Nós, que temos a lição do que com eles se passou a confirmar o que a esse respeito diz o estudo teórico das relações entre a filosofia e as ciências naturais, não devemos cair nunca no mesmo erro. Devemos olhar com visão larga o progresso das ciências experimentais. Manter firme, no que é certo, a nossa posição, contando com o tempo para a confirmar. Mas não atribuir à filosofia opiniões insuficientemente fundadas, em terreno que pertence às ciências estudar.

Deve confessar-se que a atitude de alguns escolásticos, Neste particular, parece às vezes revelar um certo medo.

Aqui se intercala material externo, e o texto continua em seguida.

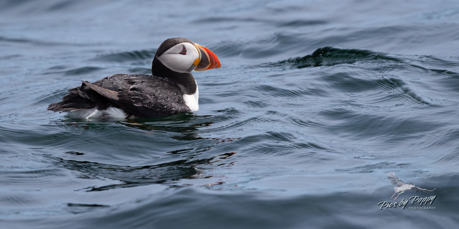When we arrived at the island, I immediately headed down to the bow of the boat to setup and start trying to capture some puffin images. Not long after I set up, I found that taking pictures of fast, little birds while on a large, moving ship in semi-heavy seas is far more difficult than I anticipated. Trying to follow and capture images of these cute little guys on a ship that is constantly listing back and forth was hard, really hard. In the end, after making two quick trips around the island, I found that I was unable to capture nearly as many images as I had hoped. Nonetheless, frustration aside, I did really enjoy the experience, learned a lot and have a true appreciation for these birds and more so, the people that are behind establishing this new colony and the people that help maintain it to this day. If we ever make our way back up to Maine, we are definitely getting out to see these great little birds again, maybe next time on our personal charter.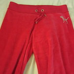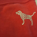 hot pink victoria secret sweats from the brand PINK. says pink in silver on the butt and the dog on the front has rhinestones.

Quando assimilaram uma teoria física, e verificaram que ela não contradiz a metafísica, receiam que essa teoria seja substituída por outra, no estudo da qual podem encontrar sérias dificuldades de ordem filosófica. É humano e compreensível, tanto mais que as dificuldades, à primeira vista, aparecem ainda avolumadas pela natural tendência dos cientistas a pôr em relevo as conclusões sensacionais, quantas vezes apressadas [95] das suas teorias.

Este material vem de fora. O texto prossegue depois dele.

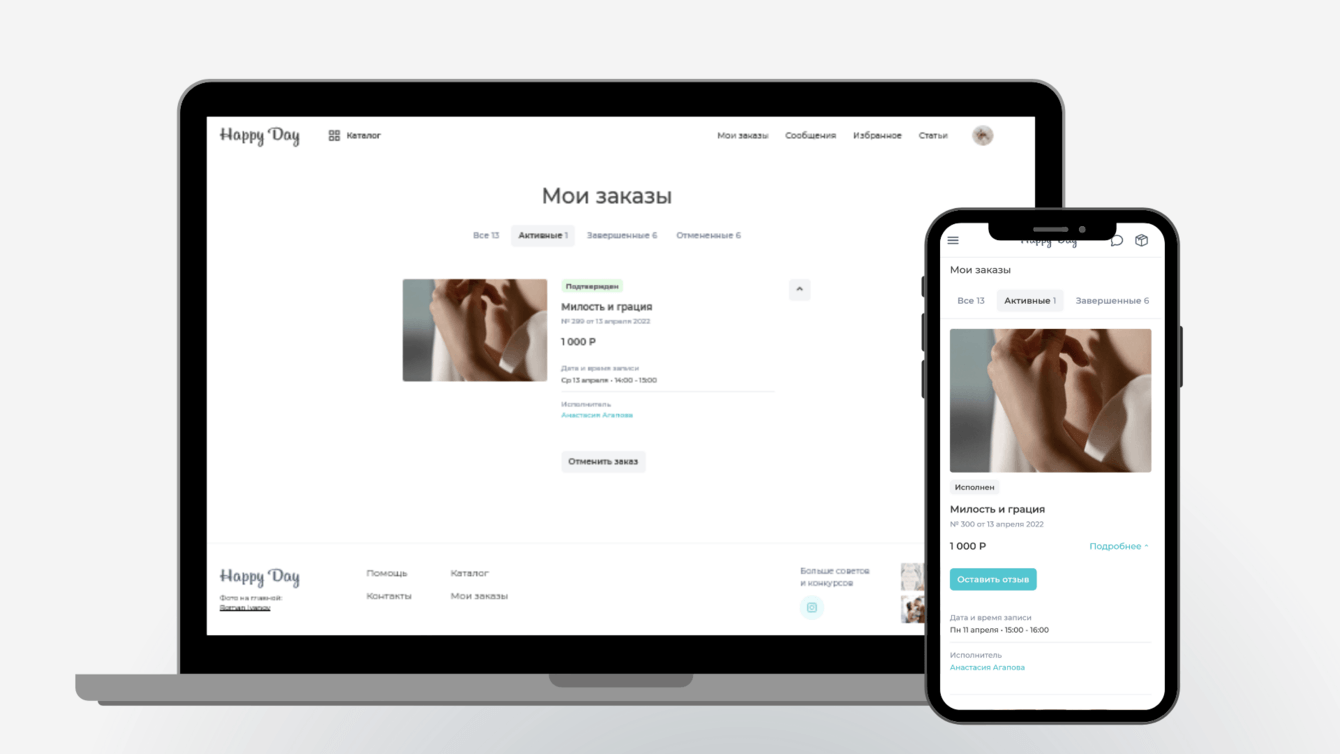 После бронирования товаров или услуг, вся информация о них, включая статусы, отображается в личном кабинете клиента. Есть возможность написать комментарий к заказу и оперативно решить все вопросы до оплаты. После получения услуги клиент может оставить отзыв, который отобразится на публичной странице исполнителя.

Mas devemos procurar, no amor pela verdade, o alento necessário para estudar hipóteses que são, pelo menos, esforços para a atingir, e rejeitar sem hesitações as que os fatos vierem a condenar, por muito trabalho perdido que isso apresente. Felizmente, o exemplo do Cardial Mercier frutificou, e, hoje, os tomistas dignos desse nome procedem como quem não tem medo das ciências experimentais, por estar tão convencido como S. Tomás da unidade da verdade.

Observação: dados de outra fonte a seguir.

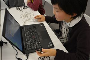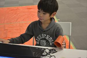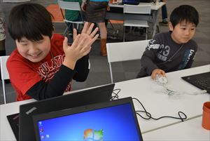 次は、光と音をコントローラーにするために使うなのぼ~どAGについて知ることからスタートです。なのぼ~どAGには光センサー、音センサーなどがついているセンサーボードで、パソコンにつなぐことでスクラッチのブロックを使って制御することが出来ます。接続方法、注意点などを確認しながらなのぼ~どAGとスクラッチをつないでいきました。 光センサーは明るさを、音センサーは音の大きさをスクラッチ上で数値化して見ることが出来るので、その数値を応用して手で光をふさいだり、大きな音を出したりしてゲームを操作できます。 今回は、光センサーを使って紙コップで光の強さを調節しながら実際につかまえるようなしぐさで画面の中の昆虫をつかまえるゲームと、音センサーを使って手を叩いて防御や攻撃を切り替えながら小さな魚が大きなサメを退治するゲームで遊び、どのようなことが実際に出来るのかをイメージしてもらいました。 |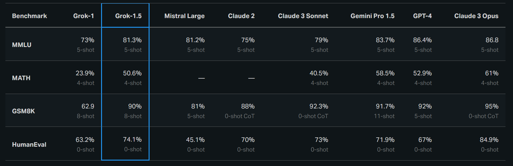 Côté performances, Grok-1.5 montre des résultats impressionnants en mathématiques et en codage. Ayant réalisé plusieurs benchmark dont deux en mathématiques, Grok-1.5 s’en sort avec 50,6% pour le test MATH et 90% sur le test GSM8K. Des résultats qui tendent à se rapprocher des autres LLM d’entreprises comme Google avec Gemini ou OpenAI et le très puissant GPT-4 comme le présente le graphique ci-dessous.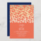 Elegante, moderna caligrafía, coral de playa tropical y invitación de boda azul marino con patrón de pez dorado. La elección perfecta para los bodas de verano contemporáneos.

A transcendência da metafísica explica e justifica a sua pretensa esterilidade. Muito se tem acusado a metafísica de, durante tantos séculos que foi a preocupação dominante dos sábios, não ter dado origem a nenhum progresso notável de ordem técnica. A razão é que a metafísica não é ciência utilitária. É um esforço de compreensão, de adaptação das grandes linhas do nosso pensamento às grandes linhas da realidade. Útil, fecunda, é-o a metafísica, como disciplina da inteligência que se habitua a pensar bem, como fonte da serenidade que liberta o espírito, como base para uma vida verdadeiramente humana em que todas as atividades se sujeitam à ordem traçada pela Natureza, como escola de confiança reflectida no valor do nosso conhecimento, que é afinal o fundamento de todas as ciências. Útil, é-o ainda mais a metafísica como realização do destino mais elevado do homem no campo da atividade natural; porque o corpo existe para o espírito, e o espírito, não só pela Graça, mas pela natureza, existe para Deus. Mas utilitária não é; no campo da prática, uma ciência parcelar, mas especializada, é mais útil do que a metafísica. Como já disse, são muito poucos os problemas concretos que a metafísica permite resolver sem necessidade de estudos experimentais especializados que não são da sua competência. A metafísica não pode substituir as ciências físico-químicas na resolução das questões técnicas, nem a matemática na expressão quantitativa das relações entre os fenômenos observados. A metafísica é uma sabedoria. Censurá-la por não dar frutos de aplicação imediata é mostrar disso um desconhecimento completo.